**Problem details**
Everything from the line with "Theatrical release poster by Bob Peak" to the last line of the listing must be retyped exactly, both ends included, with the pictures dropped.
━━━━━ Source data
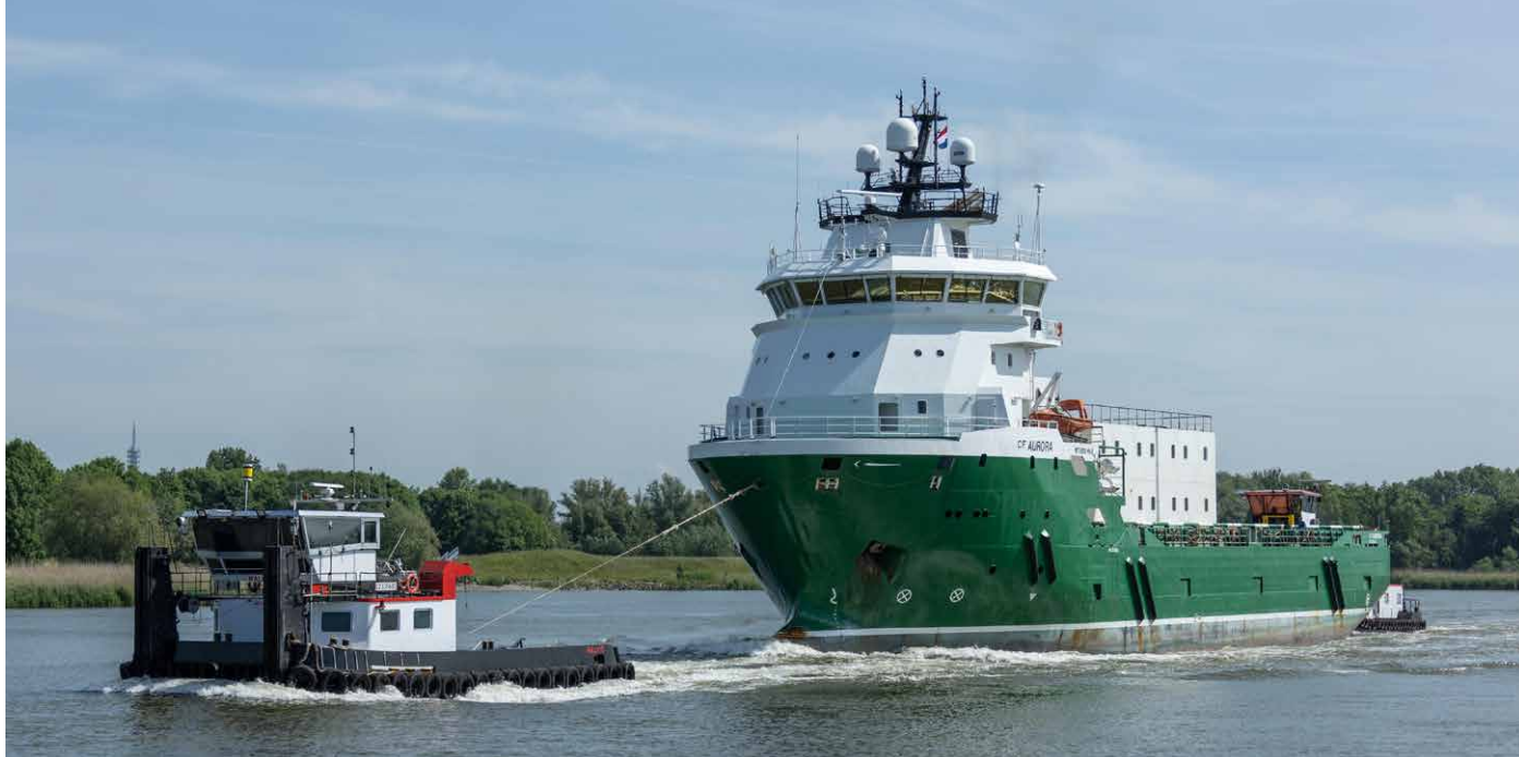
CF AURORA Norway
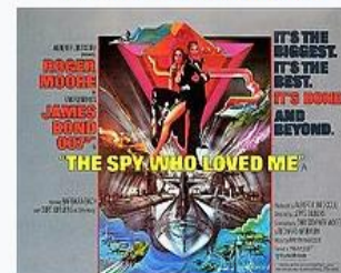
Theatrical release poster by Bob Peak
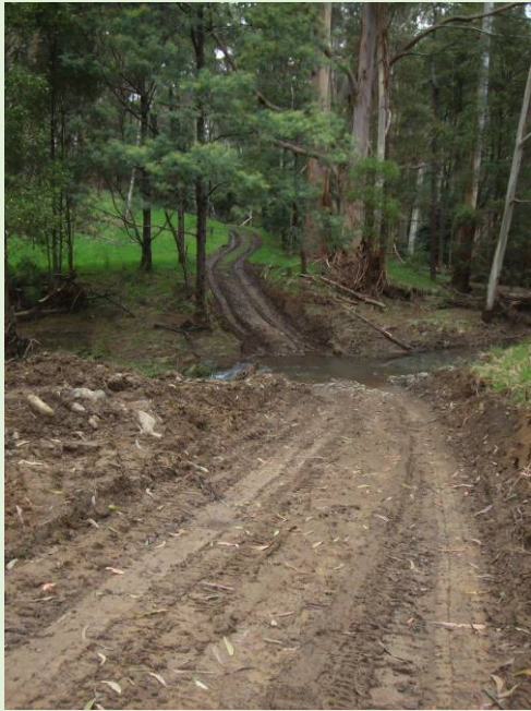
The creek crossings have been remade with much mud removed to allow vehicle crossings.
━━━━━━━━━━
**Task response**
Theatrical release poster by Bob Peak
The creek crossings have been remade with much mud removed to allow vehicle crossings.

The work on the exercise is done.